● EXERCISE
Set the listing down again in full, word for word, with the pictures left out.

● SOURCE DATA
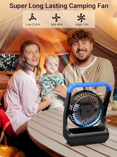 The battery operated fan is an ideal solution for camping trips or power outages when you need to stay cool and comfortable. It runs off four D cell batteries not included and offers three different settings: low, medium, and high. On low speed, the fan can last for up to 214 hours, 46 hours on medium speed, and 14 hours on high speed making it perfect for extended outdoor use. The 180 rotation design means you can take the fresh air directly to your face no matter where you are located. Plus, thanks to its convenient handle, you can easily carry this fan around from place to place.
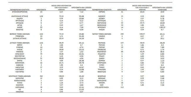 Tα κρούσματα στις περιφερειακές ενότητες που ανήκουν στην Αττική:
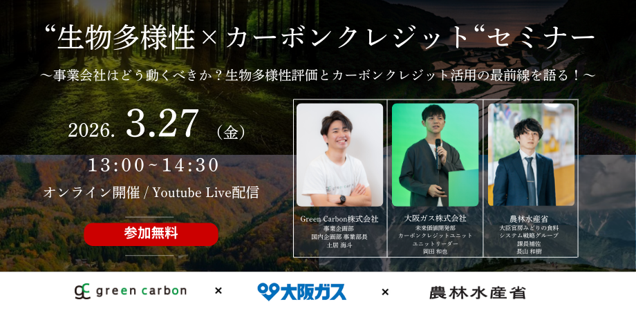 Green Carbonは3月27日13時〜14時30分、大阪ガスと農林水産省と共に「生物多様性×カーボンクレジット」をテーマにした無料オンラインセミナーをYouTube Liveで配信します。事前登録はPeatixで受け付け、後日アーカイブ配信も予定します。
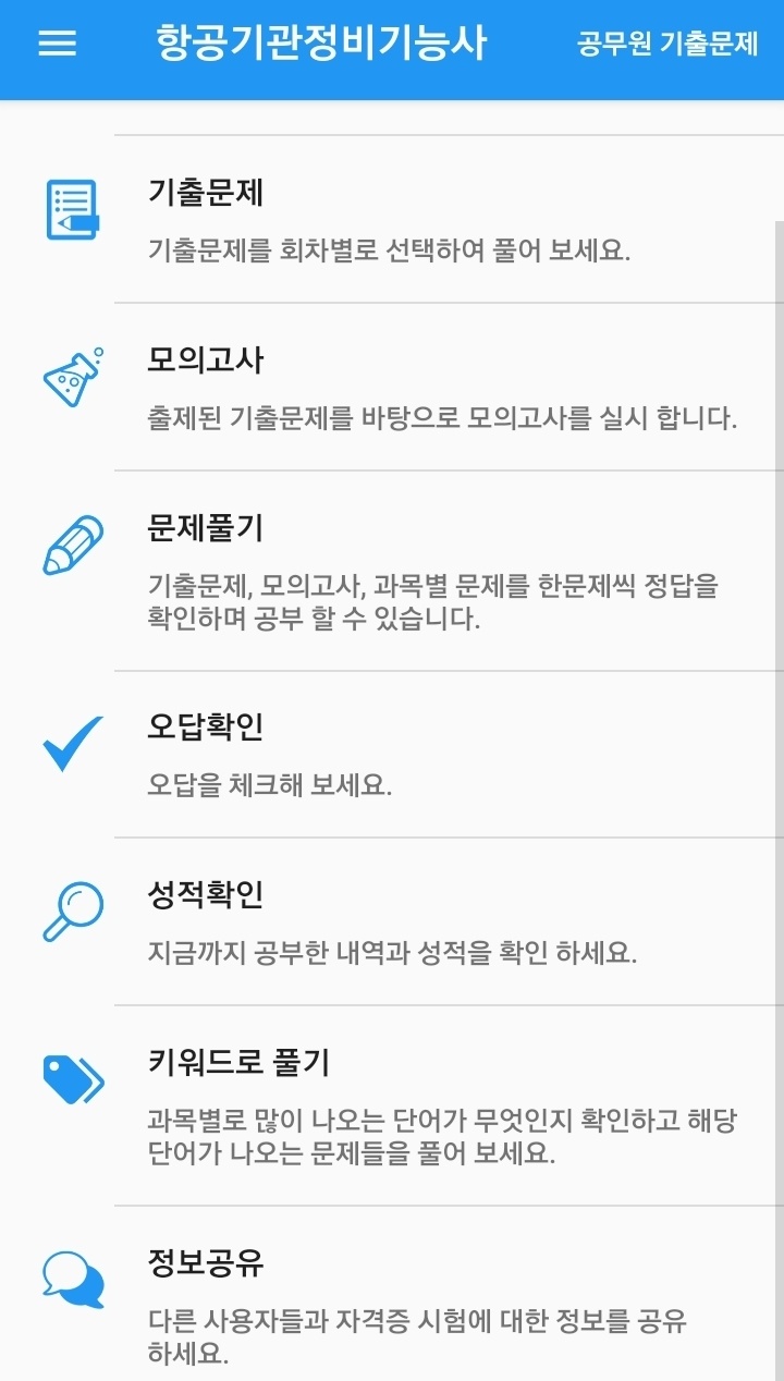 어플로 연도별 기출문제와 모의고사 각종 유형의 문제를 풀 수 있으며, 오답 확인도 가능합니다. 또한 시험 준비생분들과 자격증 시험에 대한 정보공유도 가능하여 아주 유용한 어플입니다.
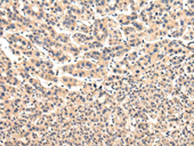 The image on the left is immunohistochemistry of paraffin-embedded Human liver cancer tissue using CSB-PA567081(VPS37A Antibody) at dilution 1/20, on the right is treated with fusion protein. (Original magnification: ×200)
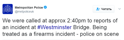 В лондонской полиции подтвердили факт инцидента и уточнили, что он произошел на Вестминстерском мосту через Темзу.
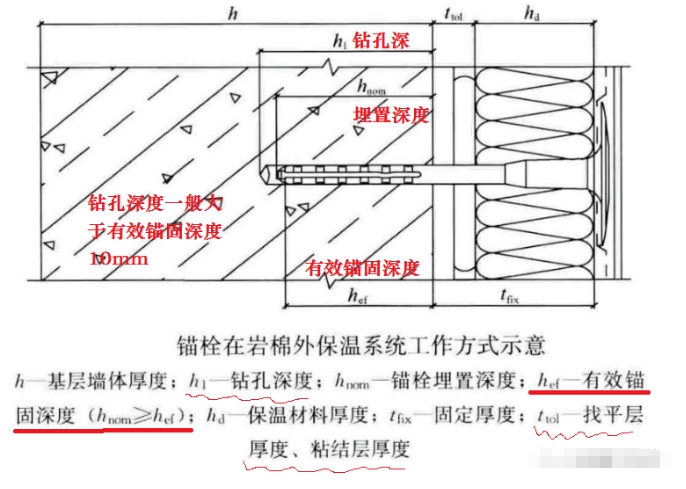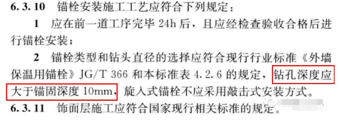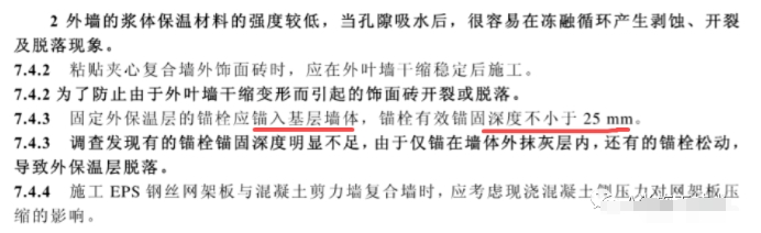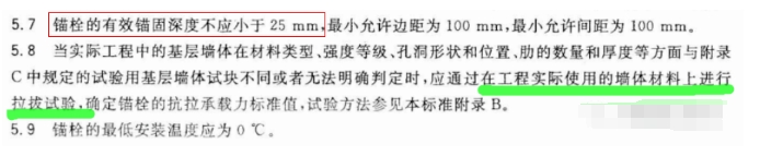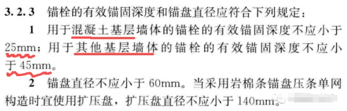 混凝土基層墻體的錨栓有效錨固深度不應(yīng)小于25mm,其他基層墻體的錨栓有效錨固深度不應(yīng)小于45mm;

● WRITTEN SOLUTION
 The battery operated fan is an ideal solution for camping trips or power outages when you need to stay cool and comfortable. It runs off four D cell batteries not included and offers three different settings: low, medium, and high. On low speed, the fan can last for up to 214 hours, 46 hours on medium speed, and 14 hours on high speed making it perfect for extended outdoor use. The 180 rotation design means you can take the fresh air directly to your face no matter where you are located. Plus, thanks to its convenient handle, you can easily carry this fan around from place to place.
 Tα κρούσματα στις περιφερειακές ενότητες που ανήκουν στην Αττική:
 Green Carbonは3月27日13時〜14時30分、大阪ガスと農林水産省と共に「生物多様性×カーボンクレジット」をテーマにした無料オンラインセミナーをYouTube Liveで配信します。事前登録はPeatixで受け付け、後日アーカイブ配信も予定します。
 어플로 연도별 기출문제와 모의고사 각종 유형의 문제를 풀 수 있으며, 오답 확인도 가능합니다. 또한 시험 준비생분들과 자격증 시험에 대한 정보공유도 가능하여 아주 유용한 어플입니다.
 The image on the left is immunohistochemistry of paraffin-embedded Human liver cancer tissue using CSB-PA567081(VPS37A Antibody) at dilution 1/20, on the right is treated with fusion protein. (Original magnification: ×200)
 В лондонской полиции подтвердили факт инцидента и уточнили, что он произошел на Вестминстерском мосту через Темзу.
 混凝土基層墻體的錨栓有效錨固深度不應(yīng)小于25mm,其他基層墻體的錨栓有效錨固深度不應(yīng)小于45mm;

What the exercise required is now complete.